Let $R$ be a Noetherian ring and $S$ be a multiplicative set in $R$. Then show that $\ass_R(S^{-1}M)=\ass_R(M)\cap \{P\in \text{Spec}(R):P\cap S=\emptyset\}$

Attempt: Let $P\in \ass_R(S^{-1}M)$. We argue that $S\cap P=\emptyset$. Say $P=\text{Ann}(m/s)$ for some $m/s\neq 0$ in $S^{-1}M$. If $r\in P\cap S$, then from $r\cdot (m/s)=0$ we get $(r/1)\cdot (m/s)=0$. But $r/1$ is invertible in $S^{-1}R$ and thus we have $m/s=0$, a contradiction. So we must have $S\cap P=\emptyset$.
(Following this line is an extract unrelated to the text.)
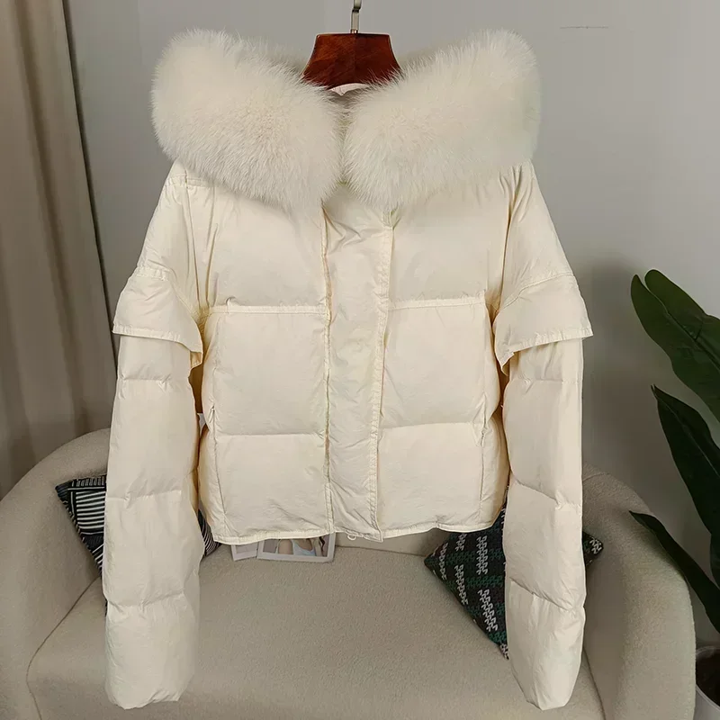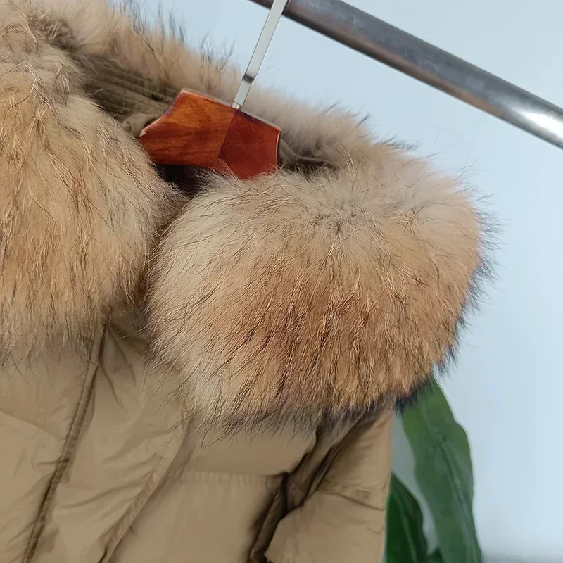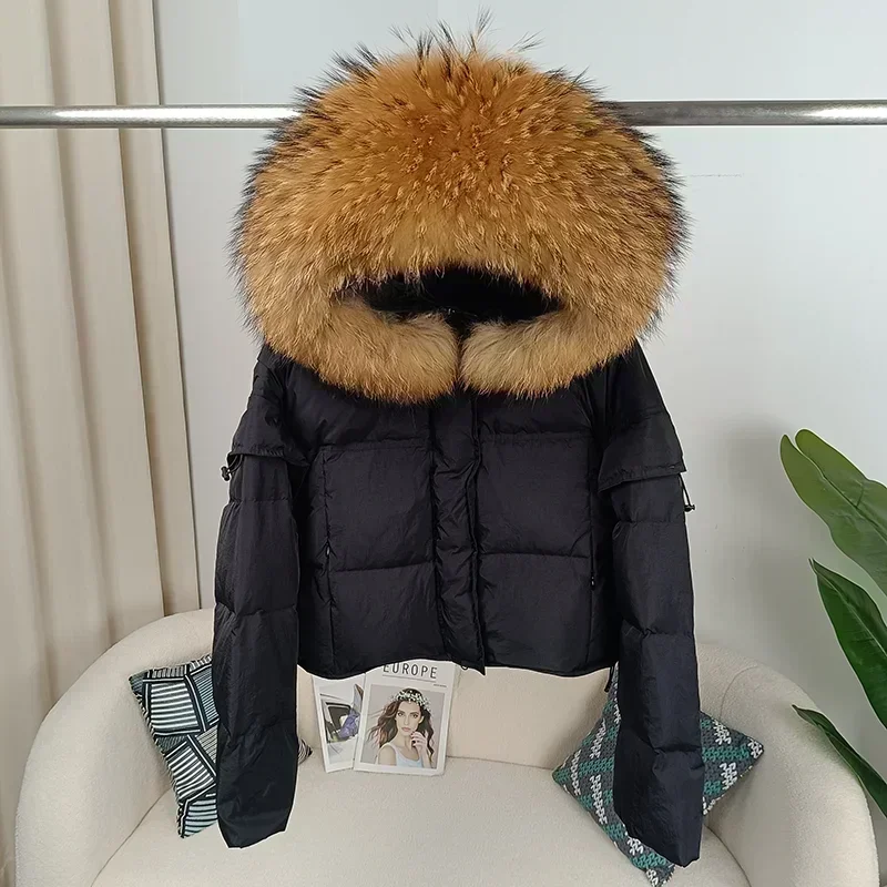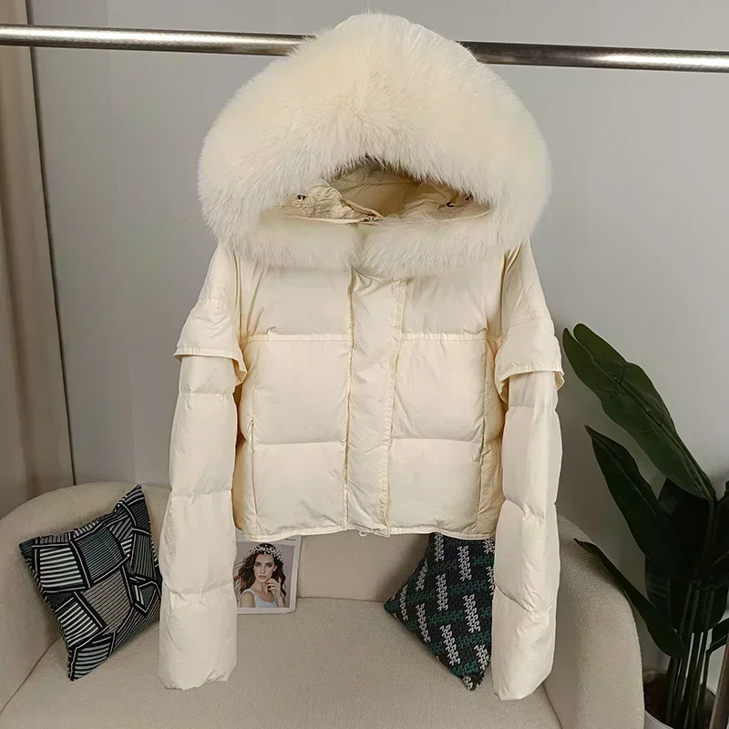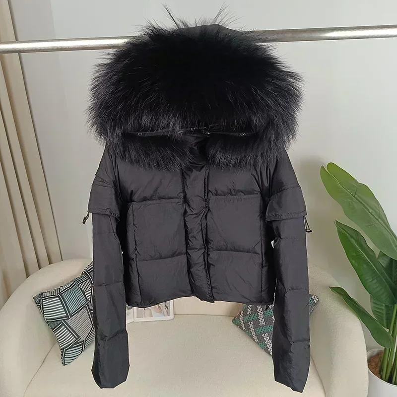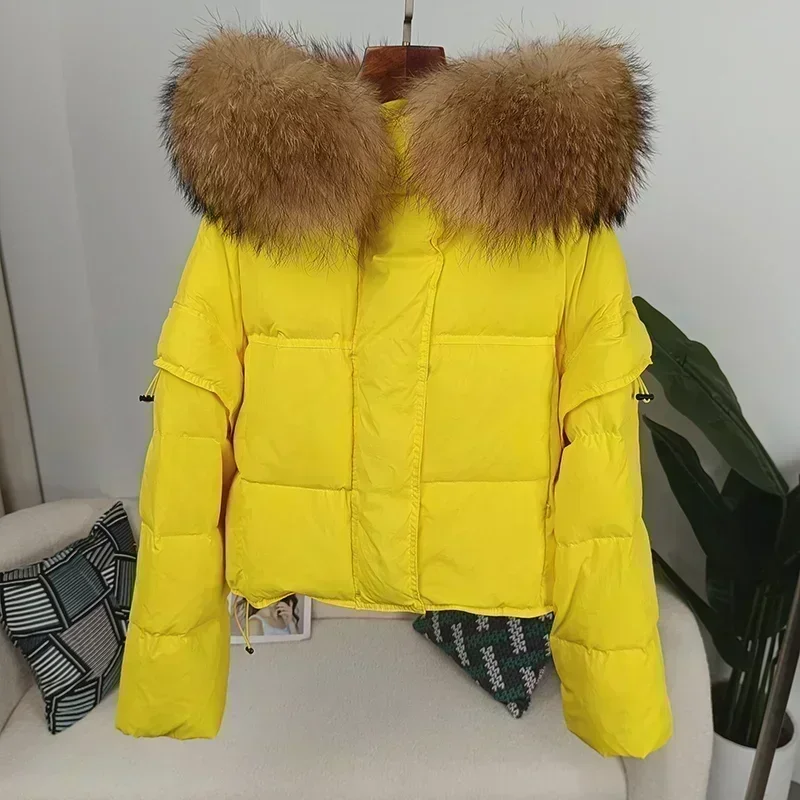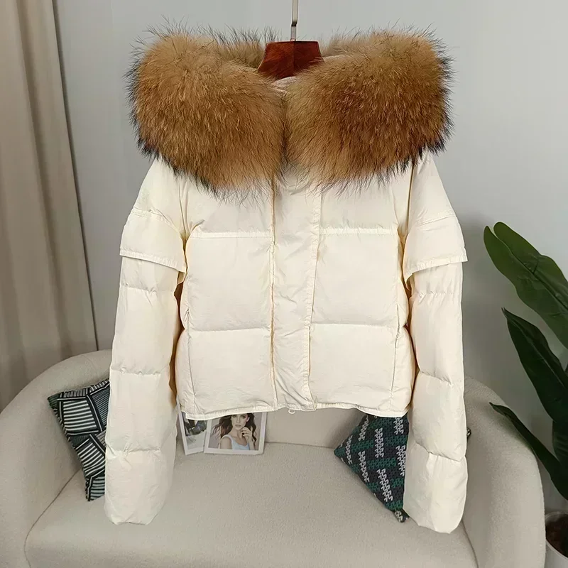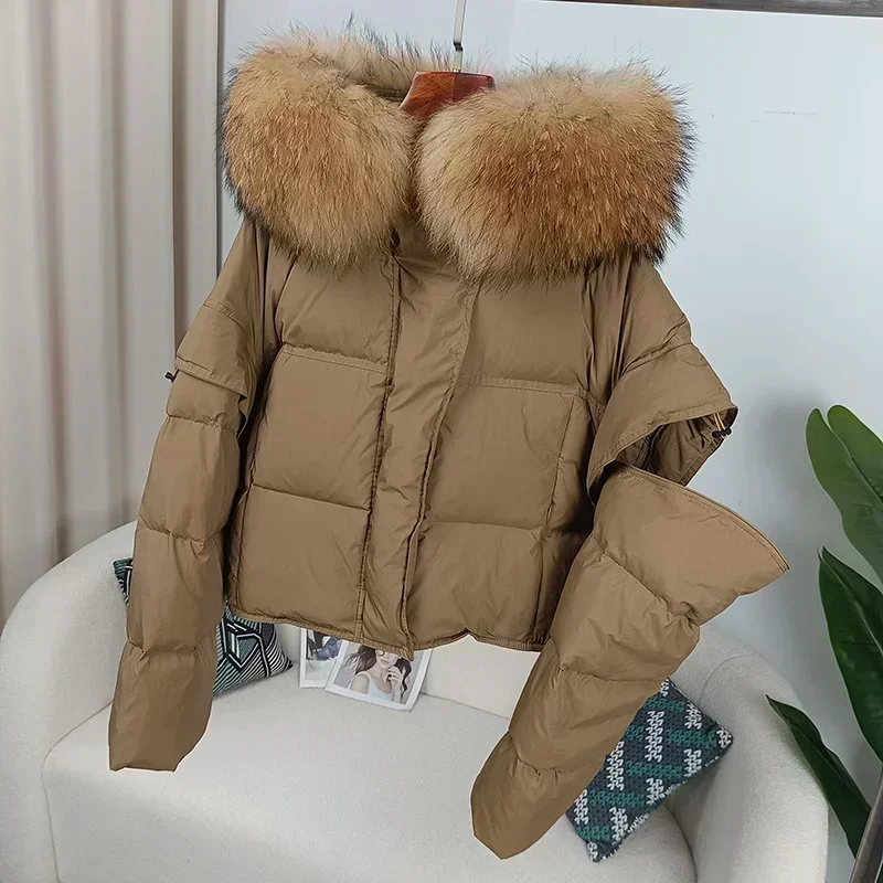 Outerwear Autumn Winter Women Hooded Fashionable Streetwear Detachable Sleeve Real Raccoon Fur Collar Jacket Duck Down Loose

The main difficulty I am having is in showing that $P\in \ass_R(M)$. I suspect that $P=\text{Ann}(m)$. Clearly, if $r\cdot m=0$, then $r\cdot (m/1)=0$ and therefore $r\in P$. So $\text{Ann}(m)\subseteq P$. On the other hand, if $r\in P$, then $(r\cdot m)/s=0$, giving an element $u\in S$ such that $(ur)\cdot m=0$. But I am getting nowhere with this.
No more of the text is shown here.